4 / 2025-07-04 10:47:44

Hydrothermal Characteristics Evolution Mechanisms and Coupling Modeling in Seasonally Frozen Turfy Soil under Freezing-Thawing Process

Turfy soil,Seasonally frozen soil,Hydro-thermal characteristics,Coupling model,Organic matter content

The high organic matter content and elevated moisture characteristics of turfy soil lead to significant hydrothermal evolution during the freezing-thawing process, resulting in intense frost heave and thaw settlement effects. These processes pose severe engineering frost damage risks to pipelines and roadbeds in turfy soil distribution regions. Therefore, this study focuses on the high organic content and moisture characteristics of turfy soil to clarify the hydrothermal evolution mechanisms and analyze internal hydro-thermal distribution patterns, which are crucial for frost damage prevention. The research employs nuclear magnetic resonance (NMR) to measure moisture variation in the freezing-thawing turfy soil, combined with soil-water characteristic curves (SWCC), mercury intrusion porosimetry (MIP), and computed tomography (CT) tests to reveal the mesoscale mechanisms underlying moisture characteristics evolution. It establishes unfrozen water content and permeability coefficient models considering high organic content characteristics while clarifying the phase composition and hydrological properties of freezing-thawing turfy soil. Through component separation and synchronous thermal analysis, the investigation explores how organic components affect the thermophysical properties of freezing-thawing turfy soil, highlighting dynamic phase composition changes and thermophysical differences among components.
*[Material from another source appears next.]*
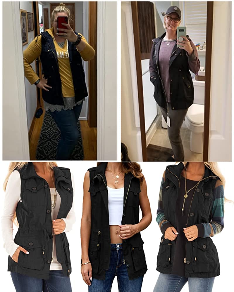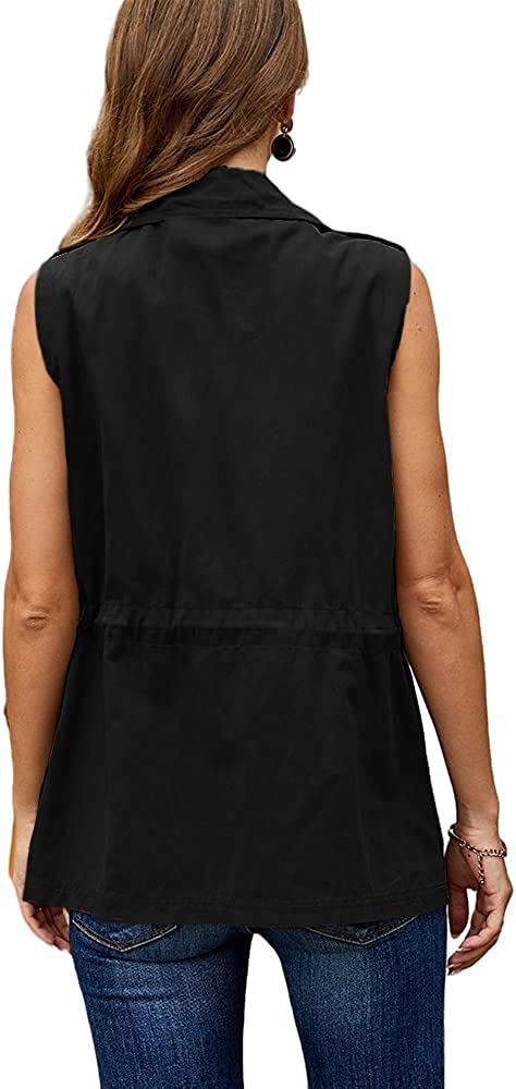 Koodred Women's Casual Military Utility Vest Lightweight Sleeveless Drawstring Jackets with Pockets

The study characterizes thermal conductivity and specific heat capacity of freezing-thawing turfy soil as fundamental parameters for hydrothermal coupling. Integrating hydrothermal characteristics of freezing-thawing turfy soil, this work establishes a hydrothermal coupling model for seasonally frozen turfy soil regions, conducts freezing-thawing model experiments to verify and optimize the coupling model, and provides theoretical support for analyzing hydrothermal process evolution in turfy soil. These findings offer technical solutions for engineering frost damage prevention in turfy soil distribution areas.